ReLoRA - what we've learned
I'll try to summarize learnings from this project below, hopefully I don't forget anything important. Here is the WandB project
- We were unable to reproduce the results in the original paper, even while referencing their GitHub Repo The plan was to reproduce results at the tiny (~300M) scale and then try to scale it up to 1B or 7B. We never got to the second stage as we were unable to reproduce results at the same scale as the paper authors. There are a number of possible reasons why:
- The technique is very sensitive to the specific [data, model architecture, hyperparamters]. While we did try to mirror our model and hyper-parameters as closely as possible to the original paper, our architecture was slightly different in a few ways, e.g. we used alibi and they used rope.

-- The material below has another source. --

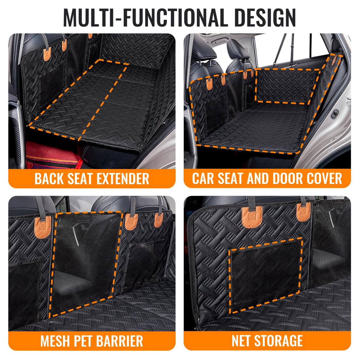 MAXFUT Dog Back Seat Extender,Back Seat Pet Cover for Dogs,Rear Dog Car Seat Cover for Back Seat,Hard Bottom Car Seat Cover for Dogs, Dog Seat Covers,Dog Hammock for Car ?Back seat into car bed?With MAXFUT back seat extender for dogs,the back seat of car turns into large dog bed.Great for traveling with your dog in a car. ?Prevent dog falls?While you are traveling, if you brake sharply or if your dog is more active, the dog may fall out of the seat.This is easily solved by installing back seat pet cover for dogs. ?Car seat an door protector?Dog hammock for truck can protect car seats & doors. Prevent the seats from being scratched by dogs. ?High quality PU leather?Hard bottom seat extender for dogs is made of waterproof, abrasion-resistant and scratch-resistant PU leather.And it's easy to clean. ?Universal Fitment?The size of the dog seat cover for back seat is 52*25in .First of all, the car seat should have a headrest bar.Back seat pet cover for dogs suitable for cars suvs and small trucks.
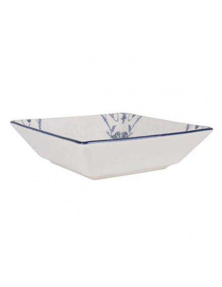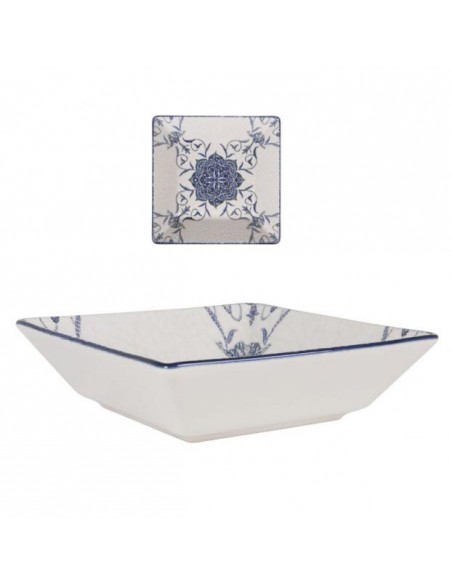 Bol cuadrado blanco con borde azul marino de estilo mediterráneo con un diseño de imitanción mosaico central en diferentes tonos azules con la forma de una gran flor.

- There is a very subtle bug somewhere in my relora code. Even though I took lots of code from the relora repo, I haven't ruled this out, as even with a high rank (like r=d_model), our models had flatter learning curves than the standard OLMo tiny model. If there is a bug, it is likely an FSDP quirk, since the authors' repo did not shard their models.
- some third thing
- Our base model's loss curve is better than the authors'. Good job team if this is the case. It could be that ReLoRA is strong enough to track the loss curve of their weaker model but weak enough where it wasn't able to do the same for our OLMo model.
-
I'm not convinced this sort of merging process is even viable for pre-training. I was talking to Ananya and he said he would be surprised if you can successfully do pre-training in this train-then-merge paradigm, regardless of the rank. Indeed, we did see high-rank training fail in similar ways to the low-rank ones. The only way we were able to track the base model's curve is by replicating the dimensions of W in the lora_A matrix, and then making lora_B essentially a square identity matrix.
-
For torch < 2.1.0, FSDP doesn't supporting mixing of
requires_gradfor sharded parameters. This means when freezing only a subset of params, you need to decide whether to shard frozen or trainable params. They officially added support for this type of mixing in torch 2.1.0. Except... not really. The only real difference is it won't throw an error, but it still won't do full-sharding unless you wrap each individual module with its own FSDP. That is, every call to theFSDPconstructor must wrap a module with uniformrequires_gradto achieve full sharding, and the submodules which you are separately wrapping must be inignored_modulesfor top or higher-level wraps. Bummer. -
We found that torch 2.1 FSDP calls
reset_parameters()only on modules who directly manage parameters. Importantly, this means it won't call it on the top-level OLMo module. This is an easy fix but it's good to know these sorts of changes exist and are not well-documented, so if/when we upgrade be on the lookout for these sorts of bugs.
- I don't get what you mean in the comment, there are at least 3 paper pertaining with branch merge methods, what are you saying about them? (none are mine, just following and interested)
Marking the items prior to Feb 29th as "closed".